To better verify the effectiveness of the proposed measurement method of coal MC, on-site testing was carried out using the designed measurement system. The coal samples (validation samples) collected from the site were sieved through a 13-mm sieve and then packed into the rectangular container for microwave signal collections. The true MCs of the validation samples were obtained by standard laboratory methods [6]. A total of 27 verification experiments were carried out, and the corresponding 27 groups of coal validation samples were independent of the previous 281 normal data. The scatter results of the true and the predicted MCs are shown in Figure 7a. The $R^2$, MAE, and RMSE values of the verification experiments are 0.8583, 0.2903, and 0.3541, respectively. Verification experiments based on different methods and based on different frequency bands were also carried out on the verification samples, and the results are shown in Figure 7b,c, respectively. It should be noted that the same calculation process was repeated 6 times to reduce accidental errors. Although the results of the validation experiment were reduced compared with those of the laboratory, the DW-kNN method still achieved the best results, indicating that the proposed method can effectively measure the MC of coal.

3.6. Discussion

The research results of this paper can provide technical guidance for coal washing and processing industries to reduce labor costs and realize efficient automation of coal production and transportation.
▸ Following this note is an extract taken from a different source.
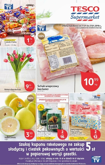 Nowa gazetka promocyjna Tesco. Polecane promocje z gazetki Tesco: Schab wieprzowy bez kości 1 kg - 10,99 zł. Bukiet tulipanów 9 sztuk - 9,99 zł. Piwo Żubr 8x500 ml - 16 zł. Oferta ważna od 21.01 do…

First, it could be seen that the designed coal moisture content measurement system is able to be applied on the experimental site basically through the verification experiment in Section 3.5. Moreover, the measurement process is carried out in an open-air environment, and the horn antenna is resistant to environmental pollution. These advantages provide a reference for online measurement and control in the production processes, such as the measurement of coal moisture content during belt transport.

4. Conclusions

In this paper, a rapid and non-destructive measurement system for coal MC is designed, and the verification experiments are carried out in the routine range of MC by combining with machine learning techniques. The designed measurement system can efficiently generate and measure broader continuous-frequency microwave signals and visualize the spectra. To improve the cleanliness of modeling spectrum data, an iterative clipping method based on Mahalanobis distance (MD-ICM) is used to detect and eliminate outliers. Comparative evaluation of typical machine learning regression models is performed. The results show that proper weight distribution is able to effectively overcome the influence of microwave oscillation in high frequency band. Moreover, the DW-kNN algorithm can process imbalanced data well and show higher generalization performance in MC determination of coal samples from unknown regions. Based on multiple microwave frequency bands, different regression models are evaluated. The comparison results show that the proposed method based on the DW-kNN algorithm using broader bandwidth microwave signals for coal MC measurement performs best, achieving an $R^2$ of 0.9106, MAE of 0.2374 and RMSE of 0.2940. Finally, on-site testing was carried out using the designed measurement system, which proves its availability and reliability.

Although the proposed method has not been widely applied in real applications, the measurement accuracy demonstrates that it is of great potential in on-line measurement and control of coal MC. It can provide technical guidance for the development of rapid and non-destructive determination devices of coal MC in the coal washing and processing industries.